National Public Housing Museum + Dr. ShaDawn Battle (2025)
Images: (Left) A portrait of Liú méi zhì huì at the National Public Housing Museum wearing a green shirt with a white and yellow plant pattern, black shorts, colorful sneakers, and a ponytail. (Middle) A portrait of jellystone robinson frazier at the National Public Housing Museum. wearing a black shirt with a blue undershirt, a black n95 mask and braids wrapped up in a ponytail.(Right) Dr. ShaDawn Battle sits inside the National Public Housing Museum wearing a shirt that says, "Footwork Saved My Life". All three photos by Joshua Clay Johnson.
“I started to realize how important it is to connect Chicago footwork to spaces—spaces that we’ve been dispossessed from. They didn’t just knock down the structures that housed families when they knocked down the projects. They knocked down cultural production, where dance groups practiced, where art was bred and breathed and had a place to exist and thrive, [and] where Black kids had a place to call home when theirs were volatile.”
ARCHIVE:
National Public Housing Museum
The National Public Housing Museum‘s mission is to promote, preserve, and propel the right of all people to a place to call home. Our Public Oral History Archive shares and activates over 170 (and counting) stories from the people who call public housing home, becoming a source of power, knowledge, and strength in the struggles for housing justice. Our interviews are largely conducted and processed by members of public housing communities. In addition to our public online archive, we have additional interviews that are shared in limited capacities in accordance to narrators’ wishes. Our archive is activated through museum exhibitions, events, and our digital offerings such as our podcast, Out of the Archives. As an International Site of Conscience, NPHM believes that history and memory must inform social change. To foster a more just and humane society, we provide safe spaces to remember and preserve even the most traumatic memories and enable visitors to make connections between the past and related contemporary human rights issues. We also believe that everyone must repair and redress the systemic injustices of the past, leading to our commitment to creative strategies that build the social and cultural capital of public housing residents.

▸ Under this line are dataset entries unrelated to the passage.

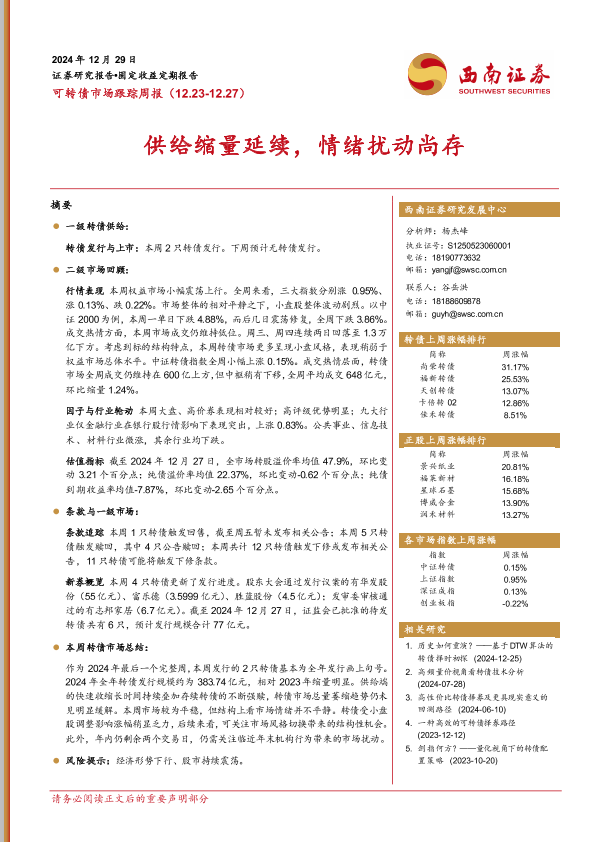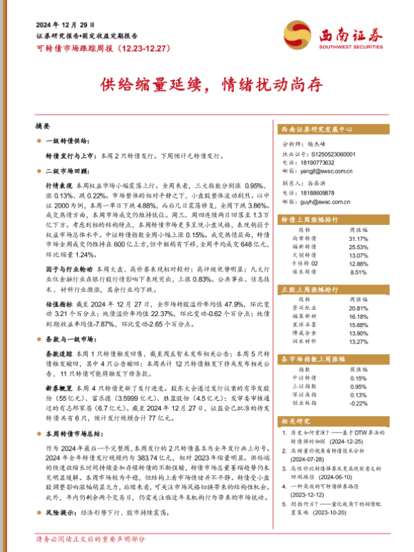 【西南证券】【20241229】可转债市场跟踪周报:供给缩量延续,情绪扰动尚存-14页
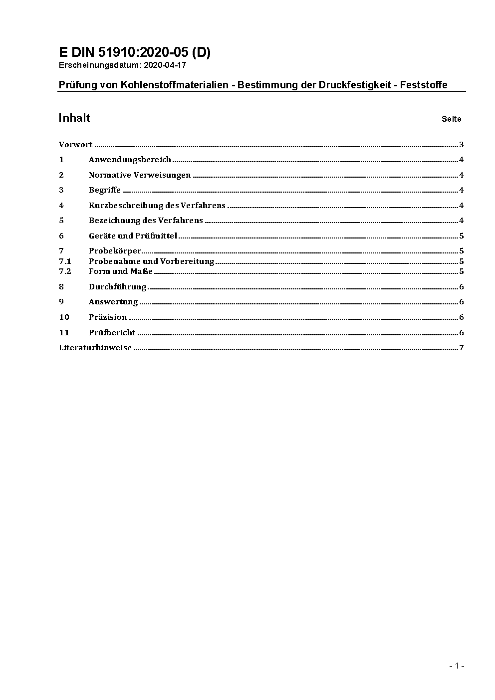 Prüfung von Kohlenstoffmaterialien; Bestimmung der Druckfestigkeit; Feststoffe
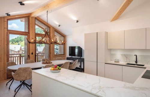 Prepare breakfast in your fully equipped kitchen before collecting your skis from the private ski room, which features boot heaters. In summer, you can use one of the two private garages for bike storage. Walk to the nearby Le Bettex ski lift, just 100 metres away, which takes you directly to the 3 Vallees ski area, the largest in the world.
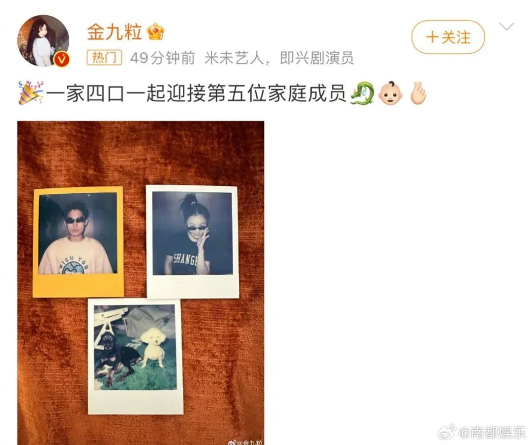 今天,金靖官宣怀孕,发文:“一家四口一起迎接第五位家庭成员”,配图是金靖、男友、狗狗的拍立得。
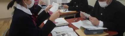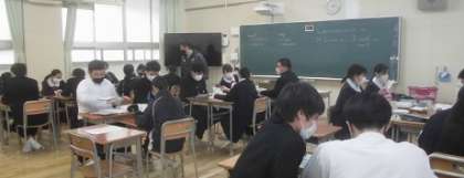 英語の授業ではペアでスピーチをおこない、相互評価しています。ぶあついコメントの束をみんな熱心に読み込んでいます。やる気につながってくるのです。
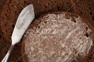 Close-up image of a rye bread with butter spread
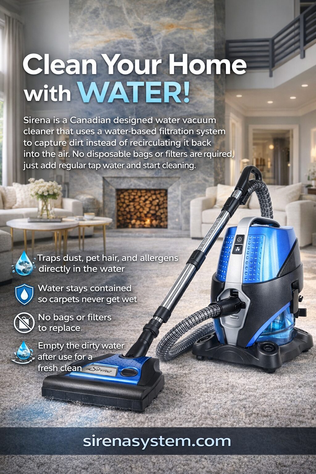 Sirena is a Canadian designed water vacuum cleaner that uses a water-based filtration system to capture dirt instead of recirculating it back into the air. No disposable bags or filters are required, just add regular tap water and start cleaning.

READ MORE: Interview with Liú méi zhì huì & jellystone robinson frazier of the National Public Housing Museum
ARTIST:
Dr. ShaDawn Battle
South Side of Chicago native, Dr. ShaDawn Battle is an Assistant Professor of Critical Ethnic and Black Studies at Xavier University (Cincinnati, OH). She considers herself an artivist, often harnessing Black artistic expression in the service of social justice. Dr. Battle earned her PhD in literature from The University of Cincinnati. Her research interests include African American Literature, Postcolonial Studies, Black Feminist Studies, Critical Race Epistemology, and Hip-Hop Studies. In October of 2023, Dr. Battle was named as the Artist as Instigator Resident for the National Public Housing Museum. Dr. Battle’s project, Place, Space, Werkz, used the art form Chicago Footwork to examine Chicago’s history of housing injustice through various examples of housing violence. It was a three-phase project that culminated in a production, where six youth drew from their political education experience to tell the stories of housing violence through their dancing bodies and other forms of Black artistic expression.